= Hollywood Varieties =

1950 film directed by Paul Landres

Hollywood Varieties is a 1949 American film from Lippert Pictures, starring Robert Alda and a cast of vaudeville performers. The feature was directed by former film editor Paul Landres, who also edited this picture.

==Premise==
Veteran burlesque, vaudeville, and movie star Robert Alda is the master of ceremonies for this filmed presentation of an actual vaudeville show. There is no plot; some 20 variety acts take the stage over the course of an hour.

==Cast==
- Robert Alda, master of ceremonies
- Hoosier Hot Shots, musical comedians
- Shaw and Lee, comedy team
- 3 Rio Brothers, comedy team
- Glen Vernon and Eddie Ryan, comedy team
- Britt Wood, monologist
- Peggy Stewart, specialty
- Twirl, Whirl and a Girl, acrobats
- De Pina Troupe, specialty
- The Four Dandies, barbershop quartet
- Lois Ray, specialty

==Production==
Robert L. Lippert was a former exhibitor, owning a chain of movie theaters. In 1945, disappointed with the major studios' failure to make inexpensive features for smaller markets, Lippert began making his own pictures. These quickly found a market among small neighborhood theaters, especially in rural areas.

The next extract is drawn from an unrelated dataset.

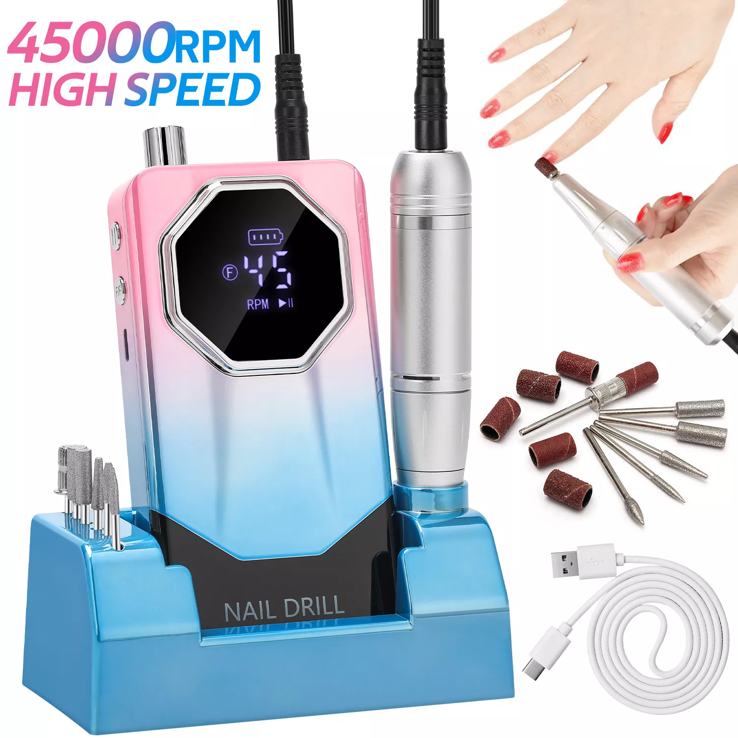 Upgrade your manicure and pedicure routine with this professional 45000RPM nail drill machine. Designed for both personal and professional use, it combines style, efficiency, and performance in one sleek package. Make every nail session smooth, easy, and enjoyable. Add it to your nail care essentials today and achieve stunning nails anytime you want!

Hollywood Varieties was produced in five days by former vaudevillian June Ormond. The film was one of a series of low-budget, hourlong musical revues financed by Robert L. Lippert. According to June Ormond:

I wrote this little beginning about vaudeville dying, and Bob Lippert loved it. The picture cost $10,000. 1 got all the acts I knew from my years on the road. We shot with three cameras in a downtown L.A. theater. I worked day and night on the picture, even slept on the set. Only problem was, I hadn't come up with the ending yet. I had 20 minutes — the crew was gonna quit at five and we couldn't afford to keep 'em around. I made one of my choreography maps with the dots, an' I said, 'Gimme a few minutes.' There was almost 100 people on the set, but I got 'em all where they had to go."

==Reception==
Showmen's Trade Review predicted that Hollywood Varieties "should do well in the small towns and rural sections where there is little chance to see a vaudeville show. It is a film that should attract because it is a good show. There is no storyline to tie the acts together. Just a group of vaudevillians doing their stuff to entertain the customers." Trade reviewer Pete Harrison was more critical but still passed the picture: "Worth booking on a double bill in secondary theaters. It is a series of vaudeville acts, with well known new and old entertainers... [it] has about everything one expects to see in a vaudeville show — dancing, singing, roller skating, trained seals, comedians, acrobats, trained dogs, and a master of ceremonies. Some are interesting, some fair, and some just so-so. But on the whole the picture should get by with those who are not too fussy." Motion Picture Daily described the picture as a matter of taste but noted the novel idea: "The picture is a straightaway presentation of a wide variety of vaudeville turns, with Robert Alda, the only picture name in the cast, functioning as MC. It is therefore as good or as bad as a given picture audience may happen to consider the current supply of vaudeville talent good or bad. That makes the film a fair and proper implement for giving the vaudeville idea a test run." The film was successful and was followed by Holiday Rhythm (1950).